Skip Gram with Negative Sampling

dselivanov / text2vec

Fast vectorization, topic modeling, distances and GloVe word embeddings in R.

http://text2vec.org

Other

850 stars 135 forks source link

Skip Gram with Negative Sampling #193

Open andland opened 7 years ago

andland commented 7 years ago

https://arxiv.org/pdf/1705.09755v1.pdf

I recently posted a paper to arXiv showing that word2vec's Skip Gram with Negative Sampling (SGNS) algorithm is a weighted logistic PCA. With that framework, SGNS can be trained using the same term-context matrix that is used for GloVe. The training could use the same AdaGrad procedure, only with different gradients and loss function and sampling all of the elements of the matrix instead of just the non-zeroes.

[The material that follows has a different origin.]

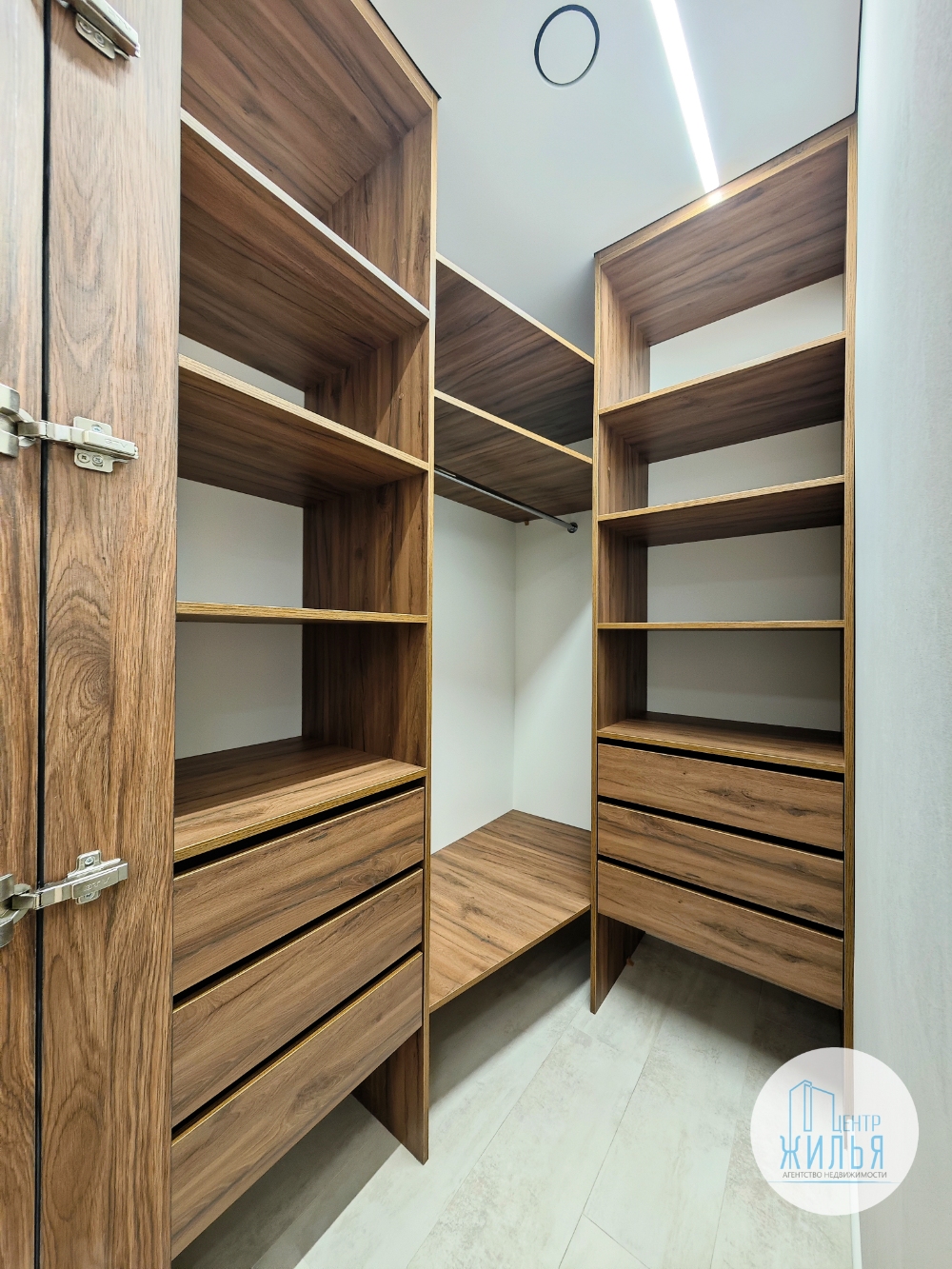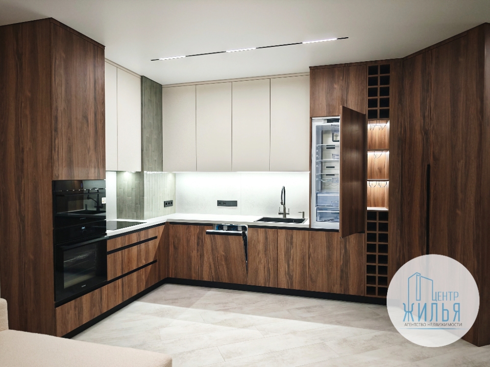 Кухня, шкафы, гардеробная, выполнены из МДФ-панелей Egger одного вида во всей квартире, объединяя пространство в единую целостную картину, фурнитура с доводчиками. Встроенная бытовая техника включает индукционную варочную поверхность, духовой шкаф, СВЧ-печь, посудомоечную машину 45 см шириной и холодильник. Предусмотрен удобный американский шкаф для хранения. Установлен фильтр питьевой воды Аквабрайт.

Is SGNS something you are interested in including in the text2vec package, or are you happy with GloVe?

Thanks

dselivanov commented 7 years ago

Thanks! Article looks very interesting. From my experience sgns and glove usually perform very similar. But would be interesting to compare in more detailed way.

andland commented 7 years ago

I agree they are largely similar, but an advantage of SGNS is that it does better for rarely occurring words. As the Swivel paper puts it: "GloVe is under-constrained: there is no penalty for placing unobserved but unrelated embeddings near to one another."

dselivanov commented 7 years ago

Yes, I remember this. But the clear advantage of GloVe is that complexity is O(nnz) instead of O(D^2). As I understand proposed SGNS and SGNS-LS also suffer from having complexity O(D^2).

andland commented 7 years ago

That is a downside. However, my intuition is that the number of parameter updates is more relevant than than number of epochs. For example, Figure 5 of the BPR paper. i.e. the algorithm may converge in a similar number of parameter updates as GloVe. This is mostly speculation though.